Some news reports and conservative blogs have characterized the government’s new regulations about how insurers can preserve their so-called “grandfathered status” — under which they will be exempt from some of the law’s benefit standards and regulations — as a departure from President Obama’s promise that if you like the coverage you have, you can keep it:
- NY POST: Bottom line: Sebelius means to dictate what your insurance plan must look like almost from day one, no matter how you get your coverage.
- HOT AIR: Their strategy for letting you keep your plan if you like your plan is to include a “grandfather clause” that would exempt current plans from consumer protection requirements so long as copayments and deductibles are below certain limits. The problem: If your insurer alters the terms of the plan in the normal course of business and those limits are crossed, it’s no longer a grandfathered plan and the new consumer-protection benefits suddenly become mandatory — which means an exciting new monthly premium when your insurer inevitably passes the costs of those benefits on.

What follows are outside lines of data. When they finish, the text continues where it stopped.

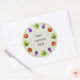 Um adesivo de legumes engraçados, redondo e personalizável, com legumes de desenho engraçados e bonitos, dispostos em círculo e texto personalizado. Tomate vermelho, brócolis verde e berinjela violeta têm um olhar maravilhoso em seus grandes olhos de desenho animado. Este adesivo engraçado seria perfeito para cozinheiros e pessoas que amam cozinhar e vegetais.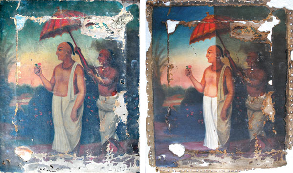 এটা শুধুমাত্র ছবির প্রদর্শনীই নয়, ইতিহাসকে ছোঁয়াও! ‘আর্লি বেঙ্গল স্কুল’ থেকে শুরু করে হেমেন মজুমদার, অতুল বসু, এমনকী যামিনী রায়ের ছবিও চিত্রকূট আর্ট গ্যালারিতে ‘রেস্টোর্ড ট্রেজার্স’ শীর্ষক প্রদর্শনীতে দেখা যাচ্ছে (চলবে ১০ জানুয়ারি পর্যন্ত, রোজ ৩-৮টা)। প্রদর্শিত সাতাশটি ছবির মধ্যে বেশ কিছু দুষ্প্রাপ্য ছবিও আছে। যেমন, রাজা নবকৃষ্ণ দেবের সেই বিখ্যাত ছবি। প্রদর্শনীটি কিউরেট করেছেন ‘শিল্প সংরক্ষণ’-এ অভিজ্ঞ উদ্ধৃতি দাস। ব্রিটেনের টেট থেকে শিখে আসা শিল্পীর মতে, ‘জলরঙের ছবির চেয়ে তেল রঙের ছবির সংরক্ষণ করা সহজ। কেননা, তেল রঙের ছবি আঁকার অনেকগুলি ধাপ থাকে। আস্তে আস্তে সেই সব ধাপ পেরিয়ে শেষ পর্যন্ত ছবিটিকে সংরক্ষণ করে রাখা যায়।’ তিনি রাধাকৃষ্ণের একটি সংরক্ষিত ছবি দেখালেন, যে ছবিটি অনেকগুলো টুকরো হয়েছিল। এখন সংরক্ষিত হওয়ার পরে একটি পূর্ণ ছবির মাত্রা পেয়েছে।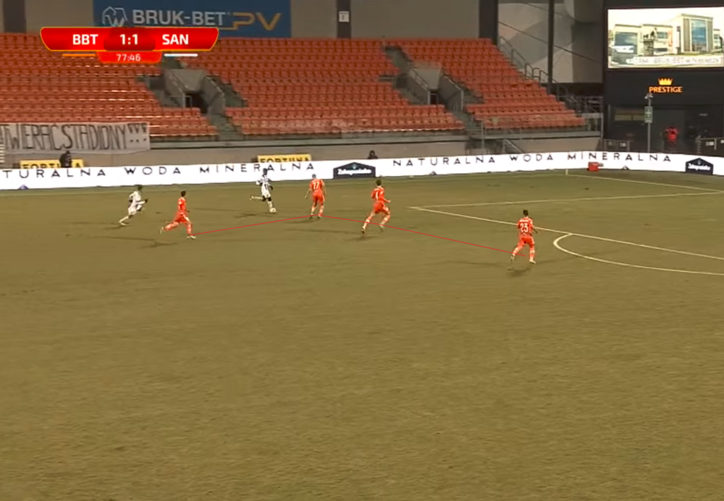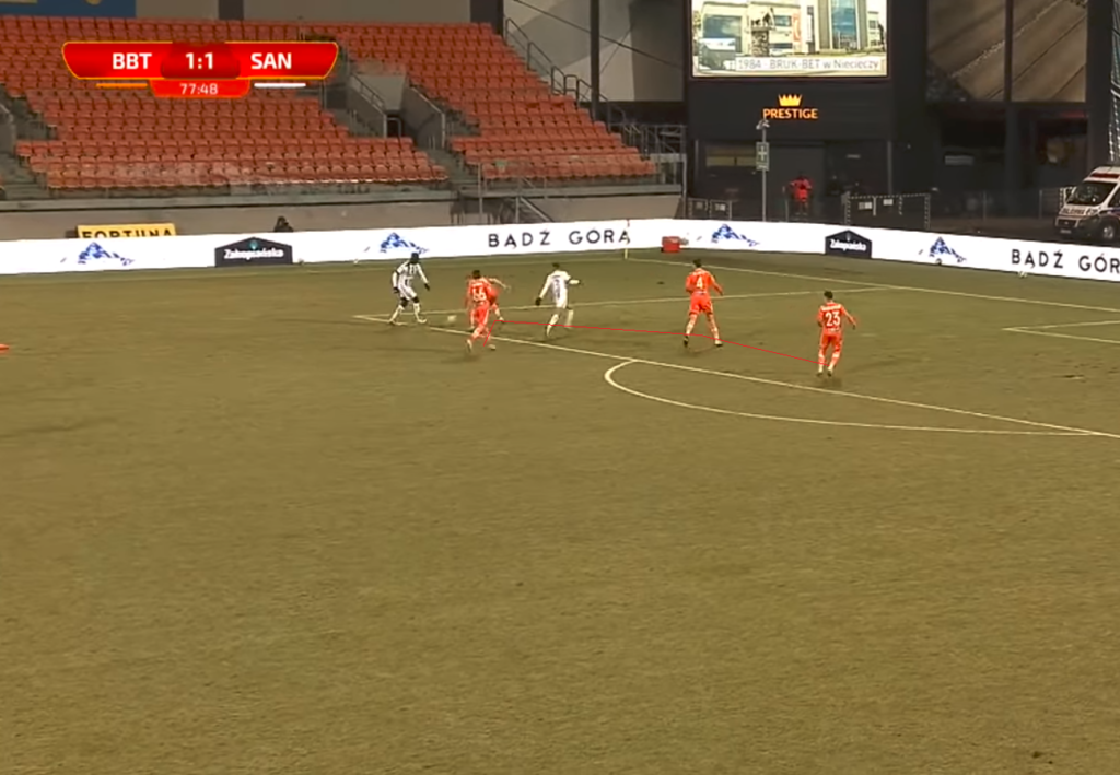 Co tu dużo mówić, sytuacja 2 na 4 z korzyścią dla Termaliki. Mało tego, na horyzoncie nie widać wsparcia ze strony innych zawodników Sandecji (Termaliki też). Trzech obrońców ustawionych w linii, czwarty bardzo blisko rywala bez piłki. Właściwie niewiele może się w tej sytuacji stać, prawda?

- INVESTORS BUSINESS DAILY: Internal administration documents reveal that up to 51% of employers may have to relinquish their current health care coverage because of ObamaCare. Small firms will be even likelier to lose existing plans.
If you’re “keeping a plan you like,” you like it because you believe it works. It offers the right benefits for the right price. If employers or insurers violate the grandfather protocols, they’re either slashing your benefits or jacking up your deductibles or co-payments. They’re tipping the balance in the cost-to-benefit ratio and selling you a faulty product; you’ll pay dearly once you need to actually use the coverage you thought you liked.
In the same way that the government requires automakers to meet certain safety standards and design specifications, insurance issuers and employers will have to abide by new benefit and consumer protection minimums. They shield consumers from drastic benefit cuts or cost shifts. And by discouraging insurers and employers from making these changes, the new grandfather regulations help you like what you have.